It should be noted that, in actual applications, referring to Figure 2, the speech synthesis scenario may also include a server 120, and the terminal device 110 may be connected to the server 120, so that the server 120 can convert the text to be converted, and obtain a text based on the same text to be converted. Different voice data.

In the process of generating voice data, the terminal device 110 may first send the text to be converted to the server 120, and the server 120 may determine the duration range of each phoneme according to the text to be converted, and then combine the semantic information of the text to be converted and the pre-stored user data, The phoneme duration of each phoneme can be determined from each duration range, so that voice data can be generated according to each phoneme duration and the text to be converted, and the generated voice data can be sent to the terminal device 110, then the terminal device 110 can receive and play the voice generated by the server 120 data.
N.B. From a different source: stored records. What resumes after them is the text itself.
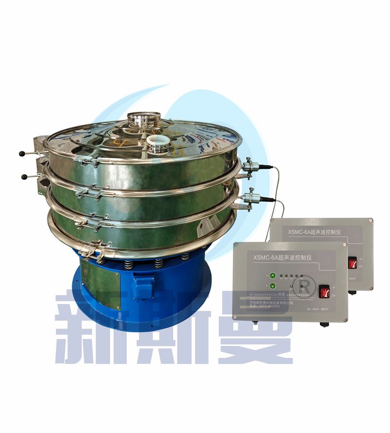 超声波振动筛是在旋振筛的基础上引入了超声波清网装置,通过将220V、50Hz或110V、60Hz电能转化为18KHz的高频电能,输入超声换能器,将其变成18KHz机械振动,从而达到高筛分和迅速清网的目的,使超微细粉筛分成为易事。该系统在传统的振动筛基础上在筛网上引入一个低振幅、高频率的超声振动波(机械波),以改善超微细粉体的筛分性能。特别适合高附加值精细粉体的用户使用。超声波筛分系统是一种简单实用、可靠的筛分系统,是当前网孔堵塞的有效的解决方法。可广泛应用于制药、冶金、化工、选矿、食品等要求精细筛分过滤的行业,筛分过滤精度高,有效解决因团聚、静电、强吸附性卡堵网孔等筛分难题,是国内筛分行业的一项重大技术突破。
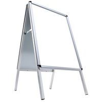 Plakatständer mit abgerundeten Ecken, Profilbreite 32 mm - gute Sichtbarkeit und ansprechendes Design Stabil dank Kunststoffeinsätzen in den Aluminiumfüßen Stoßfester Plakatständer mit Rückseite aus rostfreiem Metall Posterschutz durch UV-beständige, entspiegelte Folien Da der Flipchart klappbar ist, lässt er sich leicht bewegen
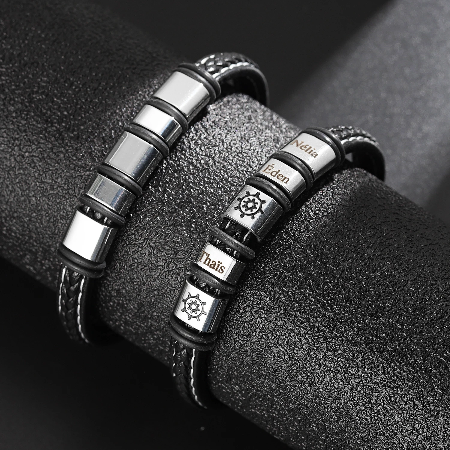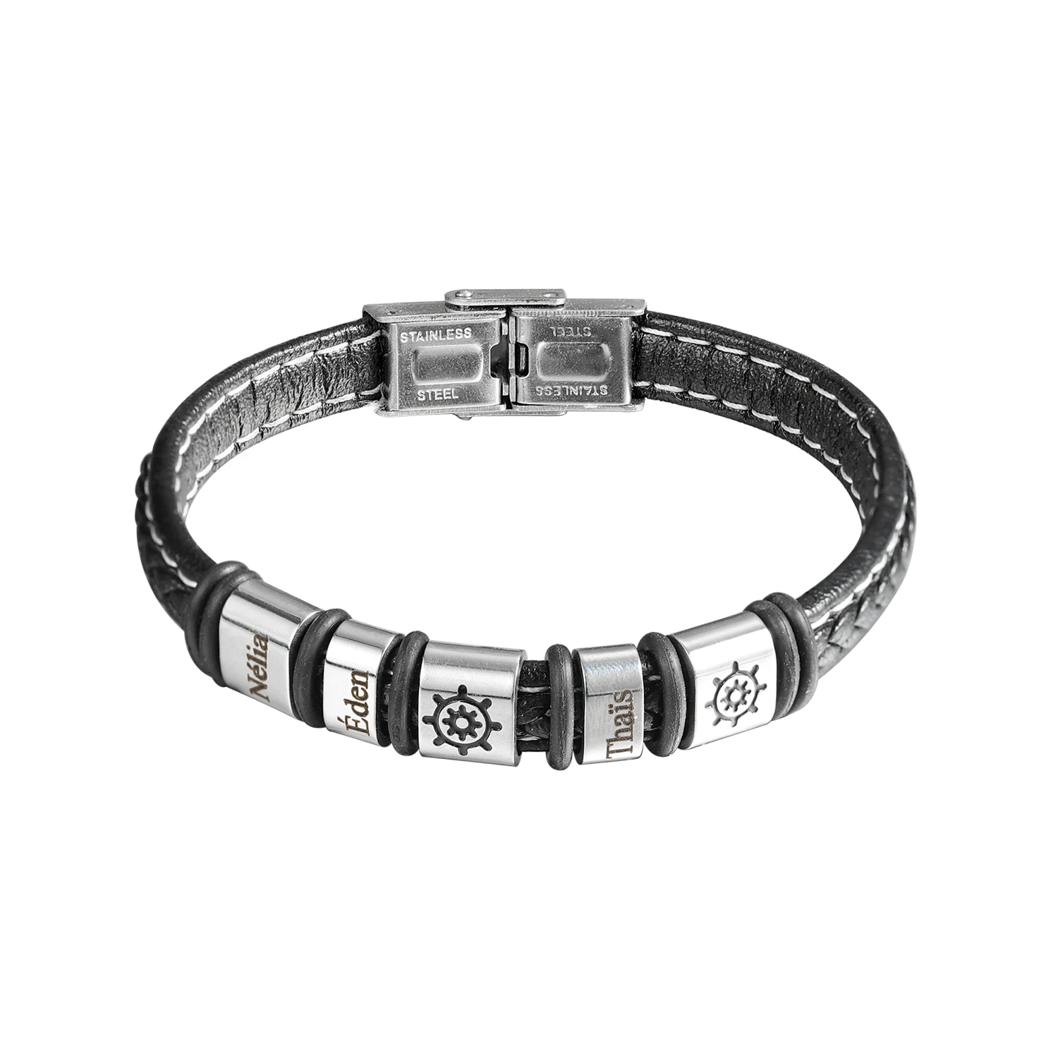 Персонализированные мужские черные плетеные кожаные браслеты беспла...

For the sake of simplicity, the following embodiments only take the terminal device 110 included in the speech synthesis scenario and do not include the server 120 as an example for description. In actual applications, not only can the terminal device 110 convert the voice data, but also the server The voice data obtained by conversion 120 is not limited in the embodiment of the present application.

Fig. 3 is a structural block diagram of a terminal device provided by an embodiment of the present application. 3, the terminal device may include a processor 310, an external memory interface 320, an internal memory 321, a universal serial bus (USB) interface 330, a charging management module 340, a power management module 341, a battery 342, and an antenna 1. , Antenna 2, mobile communication module 350, wireless communication module 360, audio module 370, speaker 370A, receiver 370B, microphone 370C, earphone interface 370D, sensor module 380, buttons 390, motor 391, indicator 392, camera 393, display 394, and subscriber identification module (subscriber identification module, SIM) card interface 395, etc. The sensor module 380 can include pressure sensor 380A, gyroscope sensor 380B, air pressure sensor 380C, magnetic sensor 380D, acceleration sensor 380E, distance sensor 380F, proximity light sensor 380G, fingerprint sensor 380H, temperature sensor 380J, touch sensor 380K, ambient light Sensor 380L, bone conduction sensor 380M, etc.

It can be understood that the structure illustrated in the embodiment of the present invention does not constitute a specific limitation on the terminal device. In other embodiments of the present application, the terminal device may include more or fewer components than shown in the figure, or combine certain components, or split certain components, or arrange different components. The illustrated components can be implemented in hardware, software, or a combination of software and hardware.

The processor 310 may include one or more processing units. For example, the processor 310 may include an application processor (AP), a modem processor, a graphics processing unit (GPU), and an image signal processor. (image signal processor, ISP), controller, memory, video codec, digital signal processor (digital signal processor, DSP), baseband processor, and/or neural-network processing unit (NPU) Wait. Among them, the different processing units may be independent devices or integrated in one or more processors.

Among them, the controller can be the nerve center and command center of the terminal device. The controller can generate operation control signals according to the instruction operation code and timing signals to complete the control of fetching and executing instructions.

A memory may also be provided in the processor 310 to store instructions and data. In some embodiments, the memory in the processor 310 is a cache memory. The memory can store instructions or data that have just been used or recycled by the processor 310. If the processor 310 needs to use the instruction or data again, it can be directly called from the memory. Repeated accesses are avoided, the waiting time of the processor 310 is reduced, and the efficiency of the system is improved.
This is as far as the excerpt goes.